Some examples-  ['Quick PDF Scanner + OCR FREE', 'Box', 'Google My Business', 'ZOOM Cloud Meetings', 'join.me - Simple Meetings', 'Box', 'Zenefits', 'Google Ads', 'Google My Business', 'Slack', 'FreshBooks Classic', 'Insightly CRM', 'QuickBooks Accounting: Invoicing & Expenses', 'HipChat - Chat Built for Teams', 'Xero Accounting Software']


As we can see, there is 1181 duplicate apps in our dataset. We will have to figure out a way to remove these from our dataset. 

If we look at the Instagram data above, we can see that the only difference between each row is the number of reviews.
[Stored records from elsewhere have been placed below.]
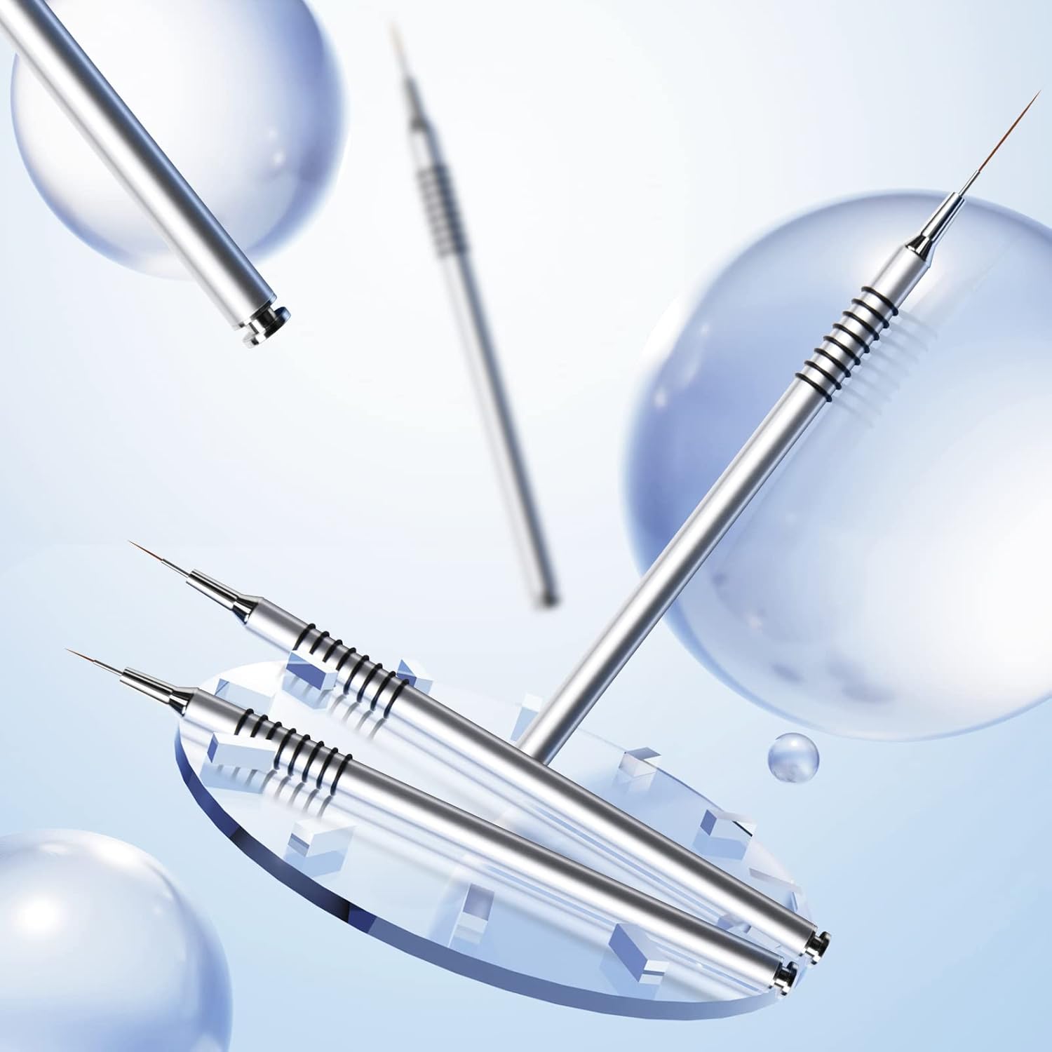 Nail Art Liner Brushes Set, 6Pcs Nail Art Design Brush Striping Thin Long Lines Dotting Drawing Pen, UV Gel Polish Painting Metal Handle Striper Brushes Size 5/7/9/11/20/25mm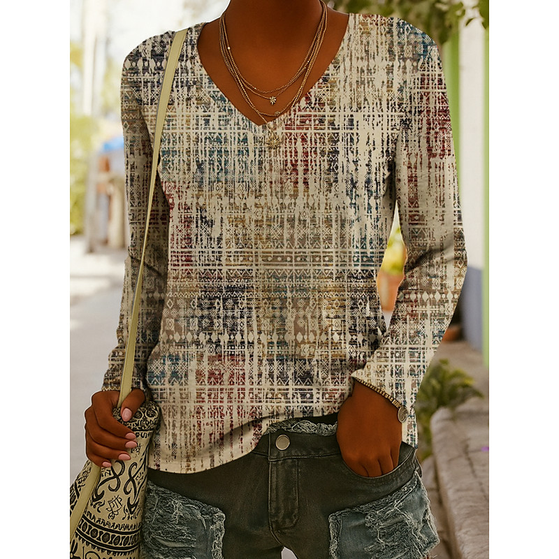 Women's T Shirt Bohemia Vintage Casual Long Sleeve V Neck Regular Tops Daily Maroon Pink Dusty Blue Khaki Spring Fall
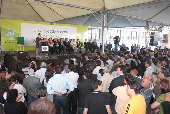 O reitor da UFPel, Cesar Borges, em sua fala, disse que era uma honra para Pelotas e para todos os municípios da Zona Sul receber o Presidente da República e o Ministro da Educação. Recordou que, em 2005, a necessidade de formar mais profissionais e o aumento no número de vagas na universidade motivaram a busca por mais espaços físicos, daí surgindo a ideia de ocupar as antigas instalações do frigorífico Anglo, fechado desde a década de 80.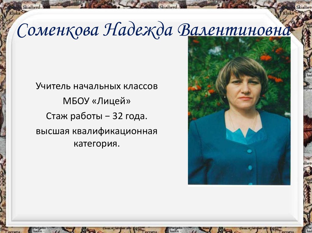 Соменкова Надежда ВалентиновнаУчитель начальных классов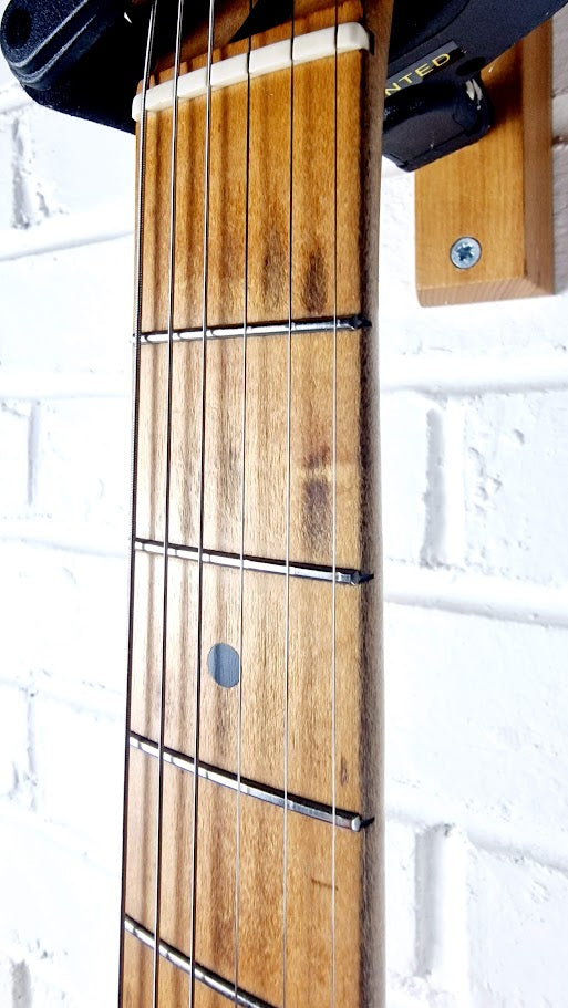 Good condition, plays really well. Rare early 90s japanese squier. Guitar has been well loved but still has plenty of life. Has various marks and dinks to the body, both front and back. Tarnishing to metal work, and some light fretwear. Base of guitar has some lacquer peel, and small aged related cracks to lacquer at base of neck. All purely cosmetic.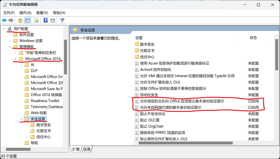 「允许指定的主机向 Office 应用显示基本身份验证提示」和「允许来自网络代理的基本身份验证提示」这两项设置。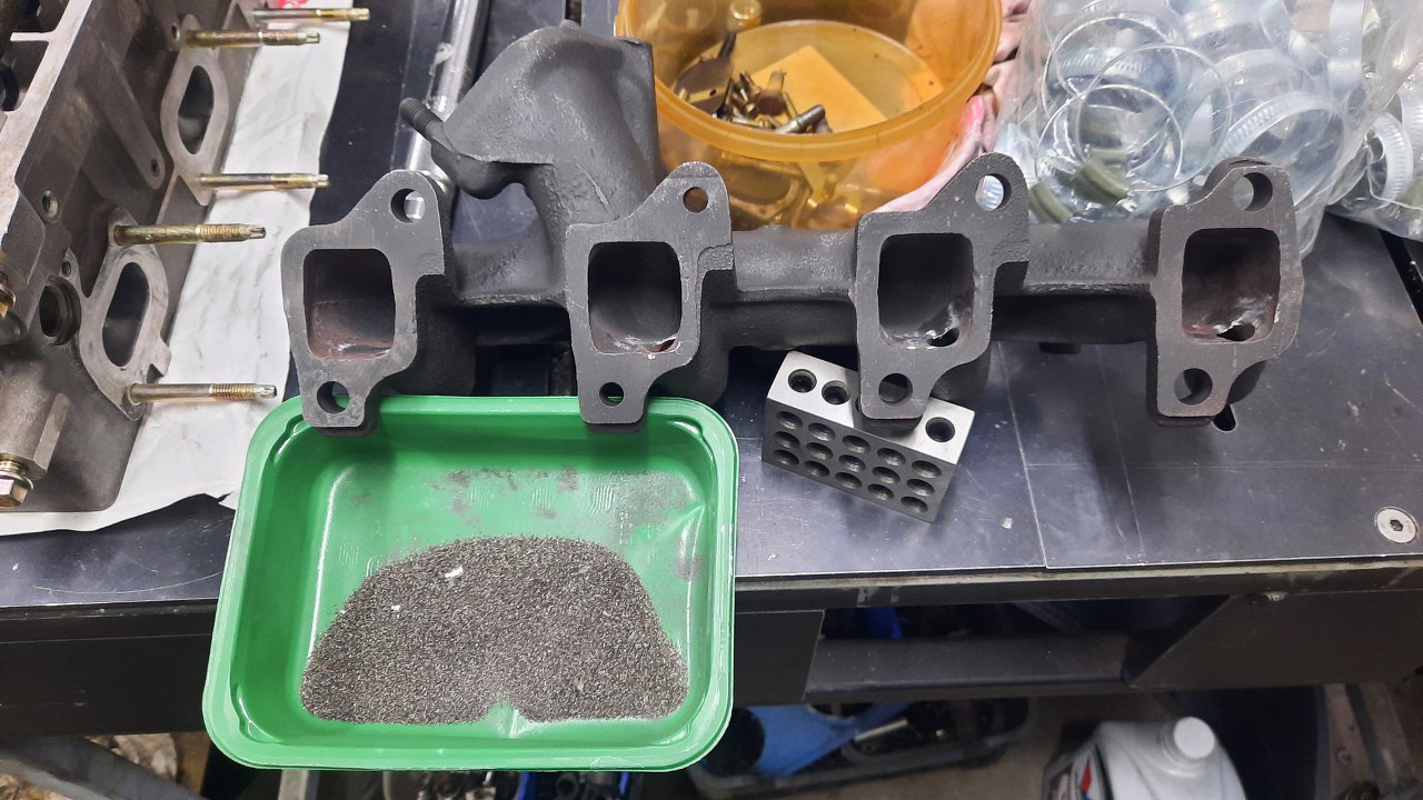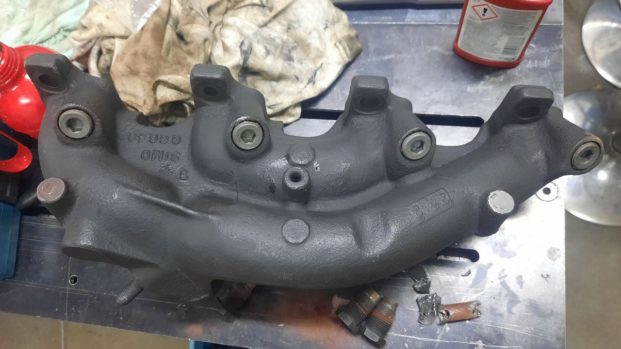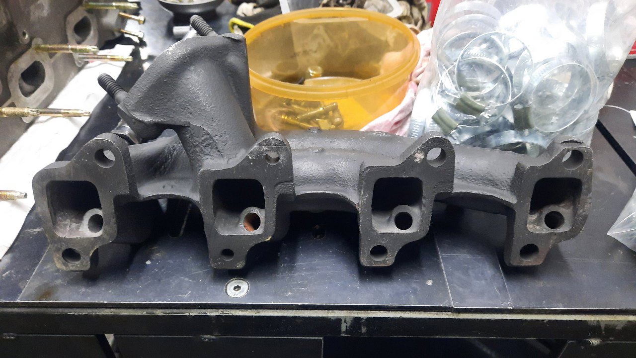 Kolektor wydechowy na pewno użyję ten, co był przy silniku, bo jest całkiem niezły. Pozostałością po jego opakowaniu, czyli Fordzie Sierra, jest ekologia, czyli wkrętki w kolektor związane z EGR. Tego mogę się pozbyć, więc wykręciłem to, co z tych wkrętek zostało. Na ich miejsce trafią korki. Kolektor był wypiaskowany i pomalowany lakierem wysokotemperaturowym.

This will tell us that the data for each row was taken at different times. Instead of deleting rows at random, we can look at the highest humber of ratings to help guide us towards the most accurate row to use.

We will want to create a new dictionary where each entry is has a unique app name which has the highest amount of reviews, then use that dictionary as our new dataset.

First, we need to figure out how many rows we should see once we get rid of the duplicates.

In [8]:
print('Expected length- ', len(android) - len(duplicate_apps))

Expected length-  9659


We are expecting to see 9659 rows in our new dataset.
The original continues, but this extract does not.